* _YOUR ASSIGNMENT_:
From the line below that contains "Wet-oxidation OCD systems" to the line that contains "习题精选且练习的时机恰到好处", repeat every line exactly, both ends included, and nothing else.
══════════════════════════════
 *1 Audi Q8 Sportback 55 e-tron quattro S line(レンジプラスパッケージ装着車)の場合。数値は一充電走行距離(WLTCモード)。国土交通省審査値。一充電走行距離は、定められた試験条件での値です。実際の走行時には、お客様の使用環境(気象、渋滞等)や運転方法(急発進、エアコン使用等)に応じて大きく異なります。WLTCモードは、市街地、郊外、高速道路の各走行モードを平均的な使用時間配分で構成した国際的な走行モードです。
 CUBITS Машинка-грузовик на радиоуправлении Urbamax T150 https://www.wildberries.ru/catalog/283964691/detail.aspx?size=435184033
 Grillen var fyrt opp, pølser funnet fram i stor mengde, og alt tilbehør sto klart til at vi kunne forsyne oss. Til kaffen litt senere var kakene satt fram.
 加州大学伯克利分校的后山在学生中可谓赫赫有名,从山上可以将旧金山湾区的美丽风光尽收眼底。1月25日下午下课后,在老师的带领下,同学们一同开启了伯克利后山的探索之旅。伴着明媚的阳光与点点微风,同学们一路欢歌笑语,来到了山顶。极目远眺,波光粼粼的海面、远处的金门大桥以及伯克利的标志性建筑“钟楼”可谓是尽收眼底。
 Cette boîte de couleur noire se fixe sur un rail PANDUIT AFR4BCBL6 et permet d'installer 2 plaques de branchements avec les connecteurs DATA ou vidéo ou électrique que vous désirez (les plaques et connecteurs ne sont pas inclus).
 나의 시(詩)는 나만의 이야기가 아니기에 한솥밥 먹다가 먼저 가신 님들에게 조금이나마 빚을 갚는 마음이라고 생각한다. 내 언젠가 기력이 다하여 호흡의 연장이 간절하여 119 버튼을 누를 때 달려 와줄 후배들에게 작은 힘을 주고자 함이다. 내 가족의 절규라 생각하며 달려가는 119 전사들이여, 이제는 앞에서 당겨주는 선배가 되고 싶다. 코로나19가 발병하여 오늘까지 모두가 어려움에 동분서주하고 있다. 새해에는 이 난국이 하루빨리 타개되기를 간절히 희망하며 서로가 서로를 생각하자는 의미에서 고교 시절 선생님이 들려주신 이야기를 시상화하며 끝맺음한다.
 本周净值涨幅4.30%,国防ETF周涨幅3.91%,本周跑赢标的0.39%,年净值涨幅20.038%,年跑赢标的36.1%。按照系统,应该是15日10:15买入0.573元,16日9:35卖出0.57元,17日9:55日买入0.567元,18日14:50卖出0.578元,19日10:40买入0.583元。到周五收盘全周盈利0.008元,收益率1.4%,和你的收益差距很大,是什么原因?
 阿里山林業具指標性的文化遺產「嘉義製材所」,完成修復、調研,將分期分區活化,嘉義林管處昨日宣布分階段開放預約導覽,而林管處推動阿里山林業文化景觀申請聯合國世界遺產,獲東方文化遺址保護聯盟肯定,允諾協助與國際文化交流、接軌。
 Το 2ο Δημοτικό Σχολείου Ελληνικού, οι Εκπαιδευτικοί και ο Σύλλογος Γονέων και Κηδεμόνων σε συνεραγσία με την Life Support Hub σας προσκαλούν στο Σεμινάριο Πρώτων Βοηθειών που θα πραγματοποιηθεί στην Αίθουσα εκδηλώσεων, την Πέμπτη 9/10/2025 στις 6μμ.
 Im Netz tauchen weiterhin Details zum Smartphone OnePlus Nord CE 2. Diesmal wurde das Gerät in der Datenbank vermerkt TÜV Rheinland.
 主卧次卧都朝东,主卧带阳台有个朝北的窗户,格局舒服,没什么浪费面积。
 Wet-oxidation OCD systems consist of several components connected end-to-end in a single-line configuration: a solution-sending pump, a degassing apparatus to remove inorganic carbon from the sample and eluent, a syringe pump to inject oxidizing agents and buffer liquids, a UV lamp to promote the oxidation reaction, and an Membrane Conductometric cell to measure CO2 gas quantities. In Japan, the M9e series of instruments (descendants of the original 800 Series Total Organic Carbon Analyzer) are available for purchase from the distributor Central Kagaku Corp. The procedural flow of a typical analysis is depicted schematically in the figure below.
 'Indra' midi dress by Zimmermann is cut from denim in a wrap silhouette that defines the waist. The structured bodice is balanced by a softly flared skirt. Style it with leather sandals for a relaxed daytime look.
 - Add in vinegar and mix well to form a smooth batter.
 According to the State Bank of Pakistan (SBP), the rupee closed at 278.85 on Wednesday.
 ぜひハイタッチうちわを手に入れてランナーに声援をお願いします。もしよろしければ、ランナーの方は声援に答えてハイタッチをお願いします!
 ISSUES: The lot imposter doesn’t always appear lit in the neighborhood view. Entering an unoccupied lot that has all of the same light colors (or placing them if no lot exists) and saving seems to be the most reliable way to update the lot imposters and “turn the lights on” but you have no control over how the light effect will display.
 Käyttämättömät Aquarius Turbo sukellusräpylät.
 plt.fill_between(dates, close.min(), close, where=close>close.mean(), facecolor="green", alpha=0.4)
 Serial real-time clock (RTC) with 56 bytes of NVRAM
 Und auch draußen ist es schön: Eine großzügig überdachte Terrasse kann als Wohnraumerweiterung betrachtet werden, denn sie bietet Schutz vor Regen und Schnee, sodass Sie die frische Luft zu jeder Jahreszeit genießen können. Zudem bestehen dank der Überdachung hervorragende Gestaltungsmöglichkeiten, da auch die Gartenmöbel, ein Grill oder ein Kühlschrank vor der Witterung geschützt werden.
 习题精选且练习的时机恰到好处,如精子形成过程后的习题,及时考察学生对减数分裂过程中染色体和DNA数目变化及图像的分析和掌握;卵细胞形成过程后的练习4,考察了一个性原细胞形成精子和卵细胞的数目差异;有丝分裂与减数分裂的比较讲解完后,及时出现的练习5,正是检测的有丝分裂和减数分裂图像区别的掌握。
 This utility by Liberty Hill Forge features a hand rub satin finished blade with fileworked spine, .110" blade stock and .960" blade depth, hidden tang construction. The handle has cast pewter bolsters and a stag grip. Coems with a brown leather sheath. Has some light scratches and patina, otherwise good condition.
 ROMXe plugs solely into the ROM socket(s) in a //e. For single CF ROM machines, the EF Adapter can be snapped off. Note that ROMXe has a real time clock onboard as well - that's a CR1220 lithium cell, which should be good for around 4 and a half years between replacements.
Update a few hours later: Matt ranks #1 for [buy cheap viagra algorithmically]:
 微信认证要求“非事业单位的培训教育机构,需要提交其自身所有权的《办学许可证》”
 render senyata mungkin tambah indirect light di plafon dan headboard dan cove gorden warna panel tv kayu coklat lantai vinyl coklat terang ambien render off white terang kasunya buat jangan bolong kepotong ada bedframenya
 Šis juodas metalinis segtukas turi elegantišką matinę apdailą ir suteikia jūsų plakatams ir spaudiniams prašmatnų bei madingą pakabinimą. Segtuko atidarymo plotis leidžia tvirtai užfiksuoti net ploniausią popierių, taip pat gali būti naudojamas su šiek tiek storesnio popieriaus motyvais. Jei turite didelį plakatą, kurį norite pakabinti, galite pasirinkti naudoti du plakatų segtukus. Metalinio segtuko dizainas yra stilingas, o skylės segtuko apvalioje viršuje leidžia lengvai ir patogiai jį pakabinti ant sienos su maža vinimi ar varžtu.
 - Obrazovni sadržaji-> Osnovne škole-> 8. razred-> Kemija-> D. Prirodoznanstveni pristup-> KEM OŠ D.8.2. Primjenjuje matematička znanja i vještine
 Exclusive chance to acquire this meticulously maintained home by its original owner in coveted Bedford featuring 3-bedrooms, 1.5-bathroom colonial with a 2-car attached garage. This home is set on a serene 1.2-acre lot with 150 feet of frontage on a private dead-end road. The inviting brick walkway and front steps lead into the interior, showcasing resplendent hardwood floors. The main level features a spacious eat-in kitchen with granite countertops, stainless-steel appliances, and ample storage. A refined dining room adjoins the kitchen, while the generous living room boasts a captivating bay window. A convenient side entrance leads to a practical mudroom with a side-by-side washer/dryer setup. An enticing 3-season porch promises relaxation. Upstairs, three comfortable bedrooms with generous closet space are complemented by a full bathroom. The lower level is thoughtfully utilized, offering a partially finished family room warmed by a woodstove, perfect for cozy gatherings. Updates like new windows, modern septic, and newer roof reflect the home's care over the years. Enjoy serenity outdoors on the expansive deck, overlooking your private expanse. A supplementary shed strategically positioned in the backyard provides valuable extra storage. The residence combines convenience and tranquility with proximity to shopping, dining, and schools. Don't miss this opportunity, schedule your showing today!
══════════════════════════════
* _YOUR SOLUTION_:
 Wet-oxidation OCD systems consist of several components connected end-to-end in a single-line configuration: a solution-sending pump, a degassing apparatus to remove inorganic carbon from the sample and eluent, a syringe pump to inject oxidizing agents and buffer liquids, a UV lamp to promote the oxidation reaction, and an Membrane Conductometric cell to measure CO2 gas quantities. In Japan, the M9e series of instruments (descendants of the original 800 Series Total Organic Carbon Analyzer) are available for purchase from the distributor Central Kagaku Corp. The procedural flow of a typical analysis is depicted schematically in the figure below.
 'Indra' midi dress by Zimmermann is cut from denim in a wrap silhouette that defines the waist. The structured bodice is balanced by a softly flared skirt. Style it with leather sandals for a relaxed daytime look.
 - Add in vinegar and mix well to form a smooth batter.
 According to the State Bank of Pakistan (SBP), the rupee closed at 278.85 on Wednesday.
 ぜひハイタッチうちわを手に入れてランナーに声援をお願いします。もしよろしければ、ランナーの方は声援に答えてハイタッチをお願いします!
 ISSUES: The lot imposter doesn’t always appear lit in the neighborhood view. Entering an unoccupied lot that has all of the same light colors (or placing them if no lot exists) and saving seems to be the most reliable way to update the lot imposters and “turn the lights on” but you have no control over how the light effect will display.
 Käyttämättömät Aquarius Turbo sukellusräpylät.
 plt.fill_between(dates, close.min(), close, where=close>close.mean(), facecolor="green", alpha=0.4)
 Serial real-time clock (RTC) with 56 bytes of NVRAM
 Und auch draußen ist es schön: Eine großzügig überdachte Terrasse kann als Wohnraumerweiterung betrachtet werden, denn sie bietet Schutz vor Regen und Schnee, sodass Sie die frische Luft zu jeder Jahreszeit genießen können. Zudem bestehen dank der Überdachung hervorragende Gestaltungsmöglichkeiten, da auch die Gartenmöbel, ein Grill oder ein Kühlschrank vor der Witterung geschützt werden.
 习题精选且练习的时机恰到好处,如精子形成过程后的习题,及时考察学生对减数分裂过程中染色体和DNA数目变化及图像的分析和掌握;卵细胞形成过程后的练习4,考察了一个性原细胞形成精子和卵细胞的数目差异;有丝分裂与减数分裂的比较讲解完后,及时出现的练习5,正是检测的有丝分裂和减数分裂图像区别的掌握。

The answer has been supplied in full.